OTTAWA’S CINEMA FOR INTERNATIONAL AND INDEPENDENT MOVIES

Hector And The Search For Happiness

The best part of life is living it.

Note: In case you're confused, this film does not appear in the printed ByTowne Guide. It replaces our originally scheduled shows of "The Disappearance Of Eleanor Rigby", which was cancelled by the distributor after the printed Guide went to press.


PLOT: Hector (Simon Pegg), an unhappy psychiatrist, leaves his adoring girlfriend (Rosamund Pike) behind on a globe-trotting adventure to discover the secret of happiness.

Poster art for Hector And The Search For HappinessREVIEW:
Hector And The Search For Happiness is the second film in a year to feature a bored, middle-aged man yearn to escape his humdrum existence and travel the globe in search of adventure and fulfilment. But, where the other one, Ben Stiller's The Secret Life Of Walter Mitty was an uneven mix of fantasy and travelogue, this is more of an adventure film, with Hector's search taking him into far more dangerous territory than Mitty ever would have dared venture.
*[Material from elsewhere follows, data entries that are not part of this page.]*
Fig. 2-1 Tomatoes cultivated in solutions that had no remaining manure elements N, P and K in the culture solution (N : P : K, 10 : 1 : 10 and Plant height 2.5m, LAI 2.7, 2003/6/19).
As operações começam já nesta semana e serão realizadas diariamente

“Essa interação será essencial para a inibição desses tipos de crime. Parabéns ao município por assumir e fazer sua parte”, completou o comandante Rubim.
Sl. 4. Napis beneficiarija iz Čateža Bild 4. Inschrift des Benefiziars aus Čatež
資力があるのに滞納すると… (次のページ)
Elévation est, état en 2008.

At one point, a character refers to Hector as “the Indiana Jones of happiness” and that's totally the vibe director Peter Chelsom is going for. With Hector's rationale being that you can't know happiness without having experienced fear and sadness, his travels take him to rough places, including a surprisingly sordid romantic detour in China, and a violent episode in Africa, where he runs afoul of a drug lord (Jean Reno) and militia leaders. 
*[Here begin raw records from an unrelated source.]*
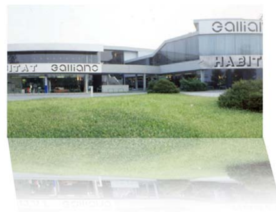
Esterno showroom di None

Nel 1962 nasce Galliano Habitat un'azienda che inizialmente propone uno stile tradizionale per poi concentrarsi sulla distribuzione di arredamento contemporaneo e di design in Italia, diventando il punto di riferimento per la progettazione di spazi abitativi all'avanguardia. L'esposizione di arredi, mobili e complementi per la casa si sviluppa sui due piani di un moderno edificio a None (TO), dove vengono realizzate aree di allestimento diversificate per tipologia di prodotto o per marchio.
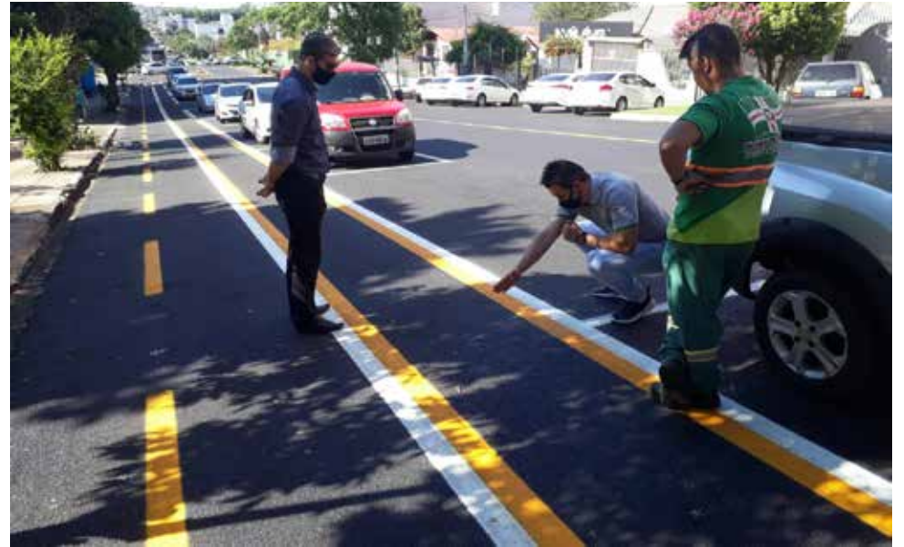
Antes de estender a ciclofaixa para a Rua Marcílio Dias, o município realizou a recuperação asfáltica total deste trecho
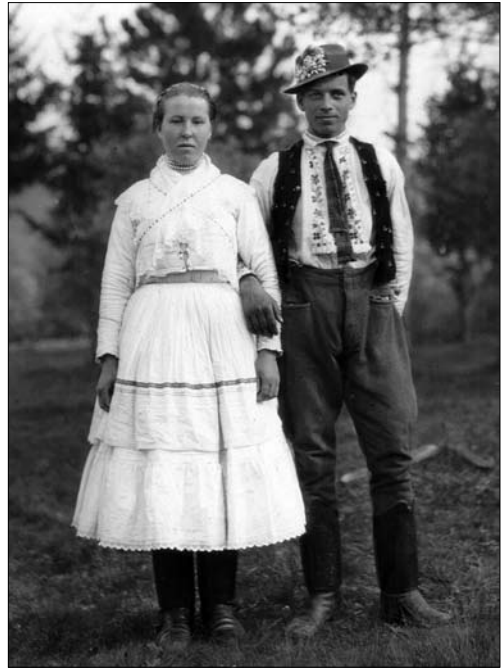
Наречені з околиць Ужгорода. 1920 р.

ISSN 1028-5091. Народознавчі зошити. № 4 (142), 2018

Simon Pegg gives an extremely winning performance as Hector. He comes off as a warm, affable guy, and he's a pleasant person to follow around on his adventures. It's believable that a lot of people he'd meet along the way, including Stellan Skarsgard as a cynical businessman in China, and Toni Collette as an ex-flame he meets up with in L.A, would be willing to indulge him in his quest.
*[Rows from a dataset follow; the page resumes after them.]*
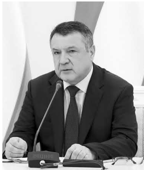
Нуриддинжон ИСМОИЛОВ, Олий Мажлис Қонунчилик палатаси Спикери:

— Ўтган ҳафта мамлакатимизда 21 октябрь – Ўзбек тили байрами кўни жуда кенг нишонланди.
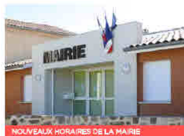
NOUVEAUX HORAIRES DE LA MAIRIE

À compter du 5 janvier 2022, le secrétariat de Mairie sera ouvert le lundi de 16h à 18h30, le jeudi de 16h à 18h30 et le vendredi de 10h à 12h et de 15h à 17h. Cependant, le Maire reste disponible le samedi matin, uniquement sur RDV.
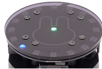
風向風速IoTセンサー「anemolink®-2D」
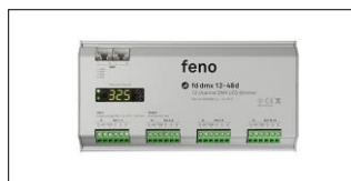
fd dmx 12-48d
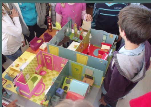
Outil pédagogique "Justin Peu d'Air"

Le CPIE anime pour l'Agence Régionale de Santé un programme de prévention des risques pour la santé liés à la qualité de l'air intérieur. Une dizaine de séances de sensibilisation se sont déroulées entre septembre et décembre 2016 auprès de divers publics, aussi bien enfants en classe primaire, lycéens qu'assistantes maternelles.
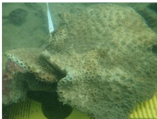
图为被掀翻的盾形陀螺珊瑚大面积白化, 最终死亡
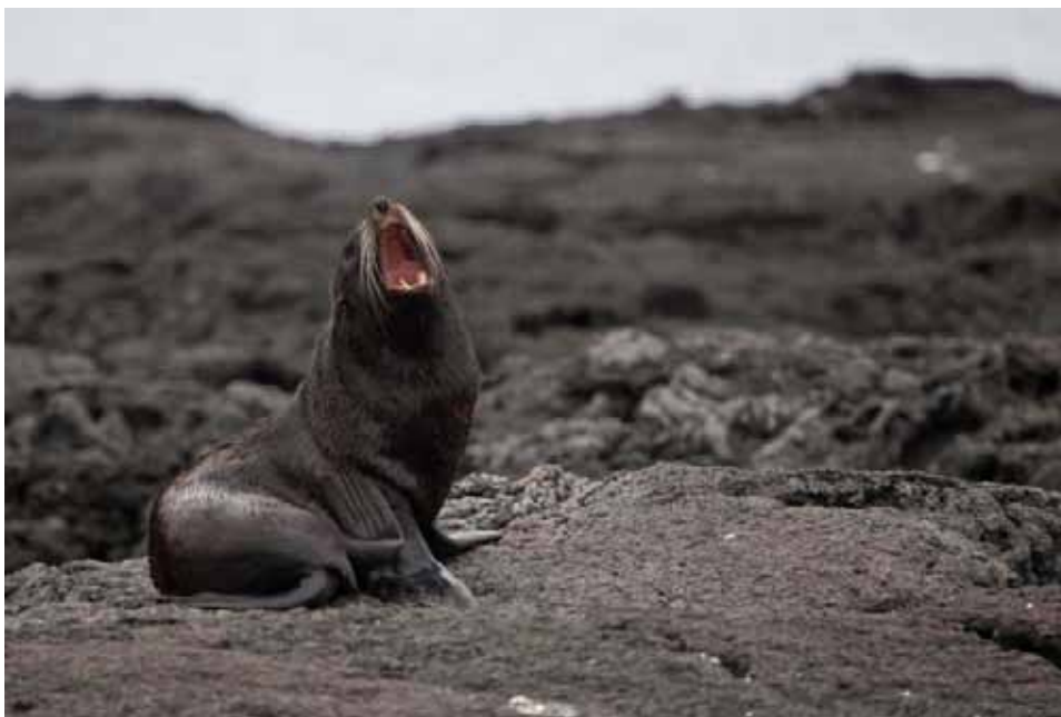
Går i ikke snart? Pelssæl på yngleplads. James Bay, Santiago.

Også Pelssælen var i god bestandsudvikling. Vi noterede 10 dyr: 1 tyr den 19/9 Genovesa, 2 den 20/9 Fernandina (Punta Espinosa) smat 7 den 21/9 Santiago (James Bay).
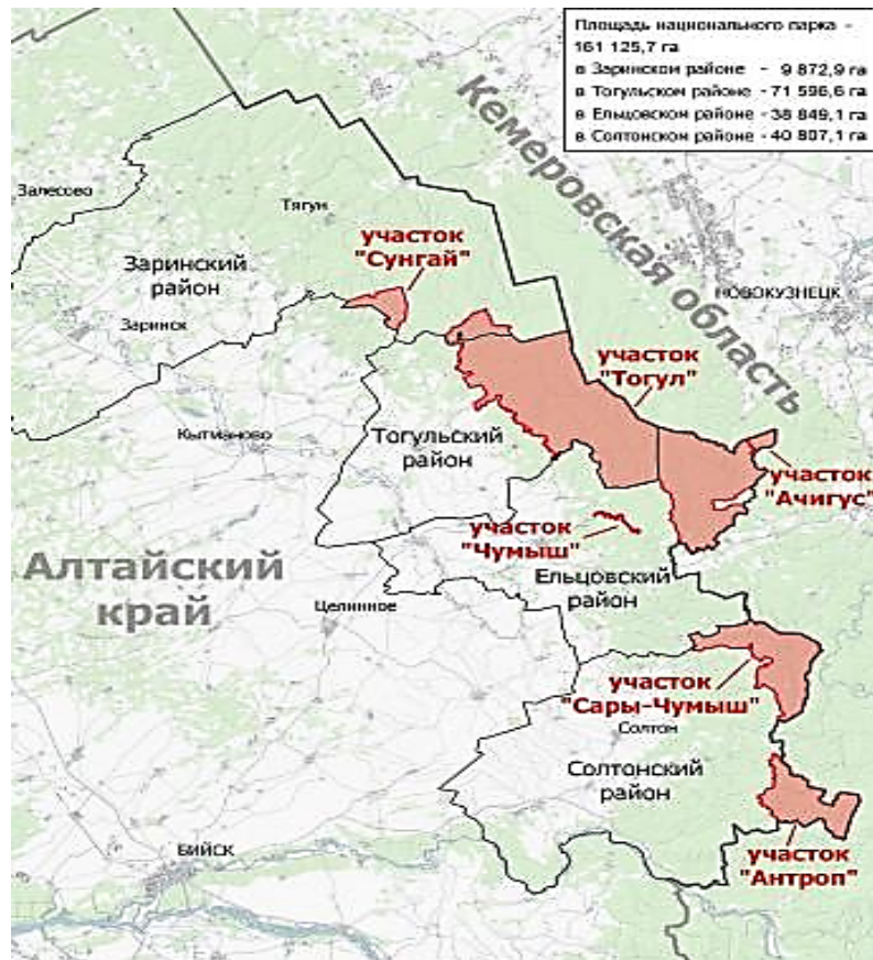
Рис. 1. Карта-схема национального парка «Салаир» [7]

It's only really in this LA-based episode where Hector starts to falter, with a plot device involving a psychiatrist played by Christopher Plummer, and his machine that analyzes emotion seeming a little too convenient a way to wrap things up. At the same time, Pegg makes it work, and while the last chunk of the movie isn't as well thought-out as the rest, it's still an entertaining, utterly pleasant ride.